The aging of neutrophils is critical for high fat diets-induced metabolic alterations

Background and Aims: Highly caloric-induced chronic metabolic alterations perpetuate constitutive hyper-activation of myeloid cells precursors. Neutrophils physiologically age during their short lifetime, after being released “fresh” from bone marrow (BM) and during their canonical activity against external invaders. We here studied how neutrophil plasticity and aging are affected by unhealthy diets, how this impacts neutrophil infiltration in inflamed metabolic tissues and the metabolic outcomes. Methods: Our experimental models were: wild-type mice (WT) on HFD and chow diet, mice with constitutively aged (CXCR4fl/flCre+) or fresh neutrophils (CXCR2fl/flCre+) (neutrophil-specific deletion of CXCR4/CXCR2 by Cre recombinase on MRP8) HFD-fed for 20 weeks, and we: immunophenotyped neutrophils and their hematopoietic progenitors in tissues, assessed their systemic metabolic response, histologically characterized their metabolic tissues.
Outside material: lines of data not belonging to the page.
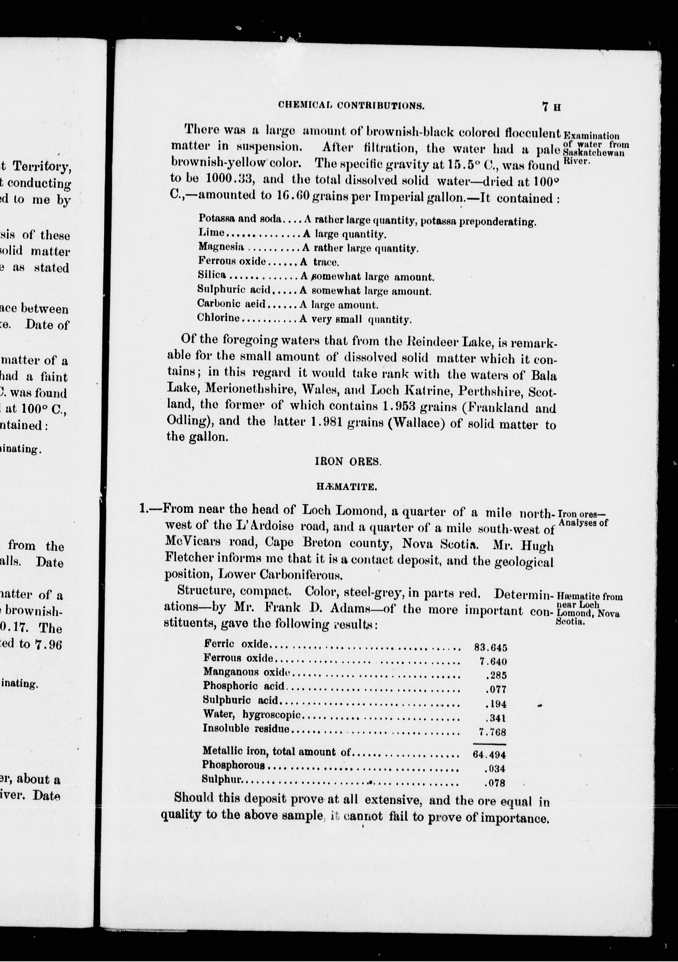 - Chemical contributions to the geology of Canada : from the laboratory of the Survey
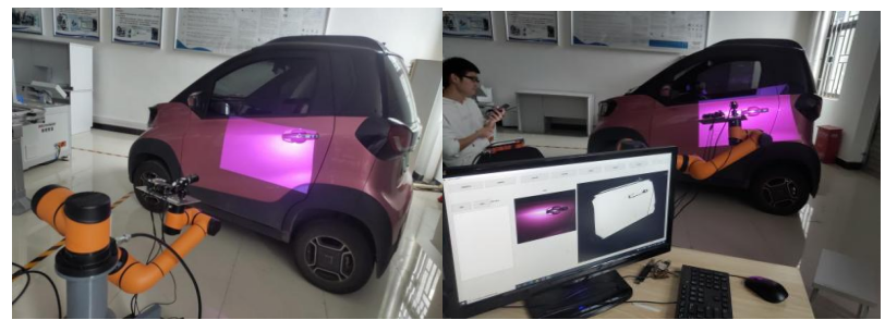 (5)基于结构光投影的大视场3D视觉检测机器人系统,用协作机器人带动3D视觉传感器,对汽车进行大视场拼接与检测。
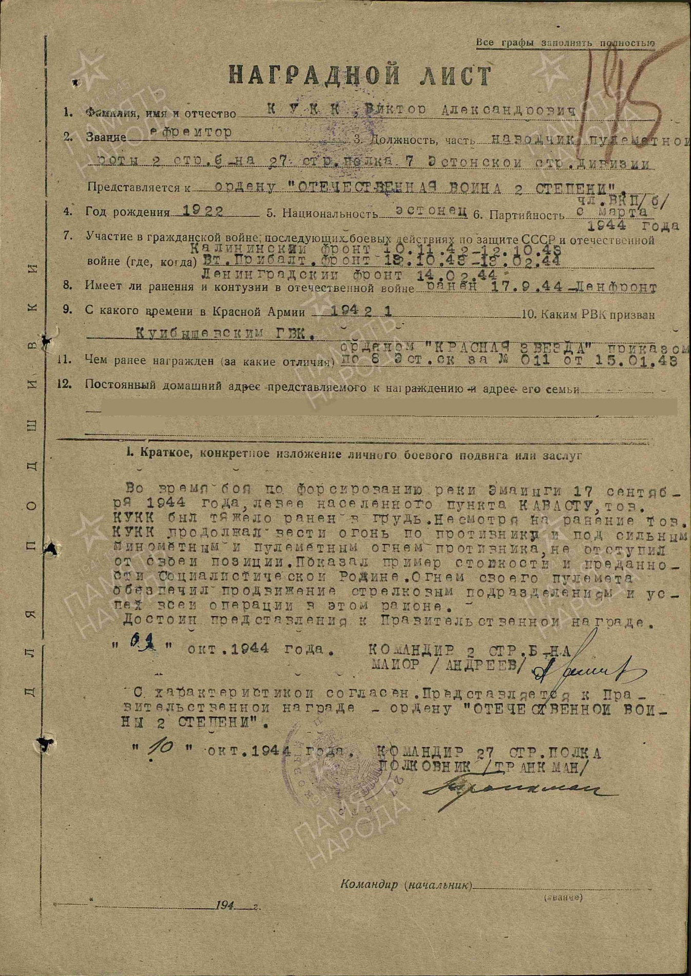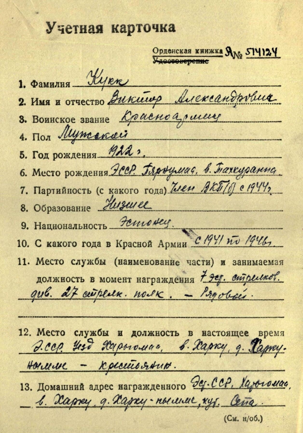 Korpusepoiss Viktor Kukk, 7. Eesti Laskurdiviis, 27. Laskurpolk. Punaarmees alates 1942. Punatähe ja Kuulsuse III järgu ordeni kavaler. Haavata saanud kaks korda.

Results: HFD increased granulopoiesis in BM (1,3*104±2,6*103 vs 5,3*103±2,1*103 cells/leg, p=0,003), the number of circulating neutrophils (2,7*102±0,88*102 vs 1,39*102±0,69*102 cells/μL, p=0,012), and those homed in liver (5,4*105±2,6*105 vs 6,55*102± 7,29*102 cells/g, p<0,001) and in visceral adipose tissue (VAT) (6,7*104±2,4*104 vs 5,57±8,3 cells/g, p<0,001) in WT mice. Besides, CXCR2fl/flCre+ neutrophils infiltrated less in liver (2,5*105±3,3*105 vs 1,3*106±6,5*105 cells/g, p=0,006), and in VAT (2,5*104± 1,1*104 vs 1,8*105± 1,0*105cells/g, p=0,043) versus CXCR4fl/flCre+. Metabolically, these different profiles resulted into more hepatic steatosis and accumulation of inflammatory macrophages (M1) in VAT of CXCR4fl/flCre+ versus CXCR2fl/flCre+, while CXCR2fl/flCre+ were less obese, displayed less hepatic steatosis and showed greater reduction of glycaemia after insulin administration versus WT (glycaemia decrease after insulin -152,52± 31,35 vs -48,6± 43,76 iAUC, p=0,002). Conclusions: The aging of neutrophils could contribute to the development of HFD-induced metabolic alterations.